Research using animal models and in vitro models has led to the identification of several genetic factors and signaling molecules that play a significant role in lung growth and morphogenesis.3 Some lung abnormalities are part of genetic syndromes involving multiple organs that share the same molecular pathways of embryogenesis. While some lung abnormalities resolve spontaneously before birth, others persist, with a spectrum of severity ranging from asymptomatic to severe postnatal respiratory distress. Asymptomatic abnormalities often go undetected until adulthood when they are incidentally discovered on chest imaging and often misidentified as malignant or infectious lesions. Thus, an understanding of developmental defects of the respiratory system, with a clinicoradiologic approach, is critical for accurate identification and management of these patients. For ease of understanding, the developmental disorders of the lung can be classified as airway disorders, parenchymal disorders, and vascular disorders (Fig. 105-1).

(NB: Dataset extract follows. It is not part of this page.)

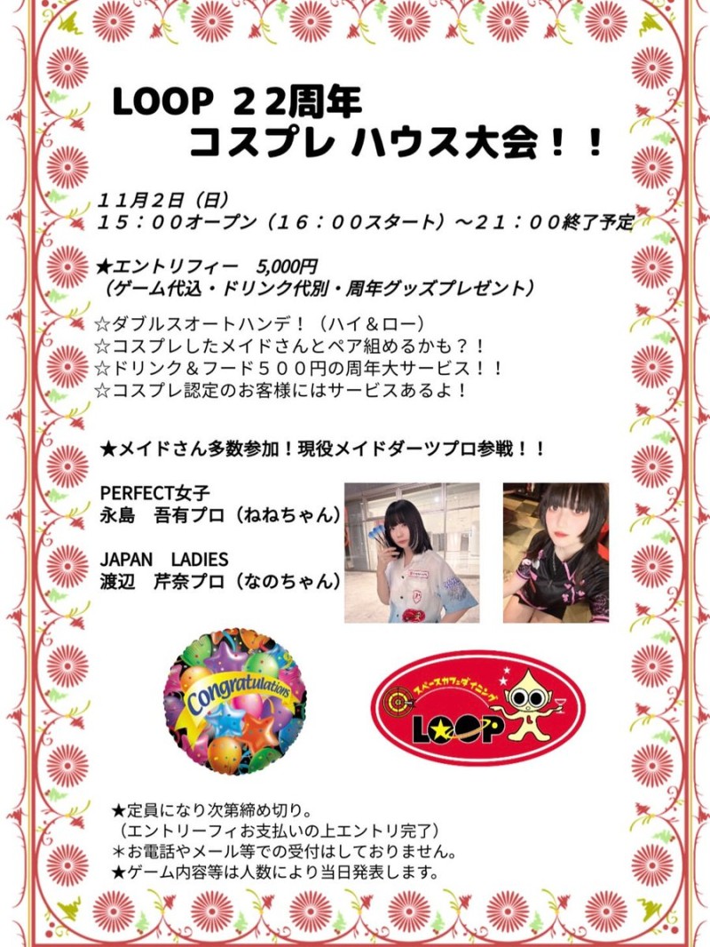 11月2日(日)祝前日の㊗️22周年コスプレハウストーナメント埋まってまいりました。

Classification of developmental disorders of the lung.
Important considerations in lung development include stages of lung development, the role of fetal lung fluid in lung development, and associated molecular mechanisms.
Lung development starts at 4 weeks of gestation and is divided into five developmental stages known as the embryonic stage, pseudoglandular stage (5–16 weeks), canalicular stage (16–26 weeks), saccular stage (26 weeks until term), and alveolar stage (postnatal stage).

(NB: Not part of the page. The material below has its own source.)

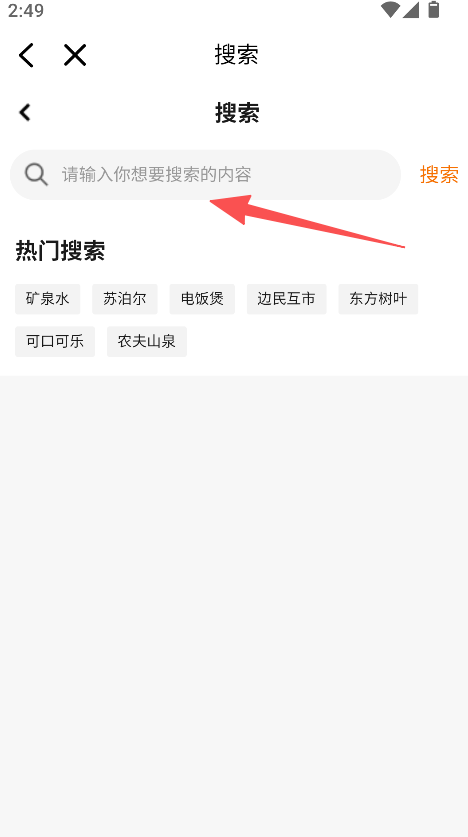 3、热门搜索实用辅助,展示矿泉水等高频搜索关键词,无需手动输入即可选择对应内容,进一步简化商品查找的流程。

The lung originates from the laryngotracheal groove of the endoderm located at the fourth pharyngeal arch. The splanchnic mesoderm provides the muscular and cartilaginous covering to the lung and also forms the visceral pleura, while the somatic mesoderm forms the parietal pleura.4 The laryngotracheal groove out-pouches from the foregut, forming the respiratory diverticulum that forms the tracheal bud separating it from the esophagus. The tracheal bud further branches into the two primary bronchi (left and right), which then divide into secondary or lobar bronchi (three bronchi on the right and two on the left for each lung lobe) by 5 weeks of gestation.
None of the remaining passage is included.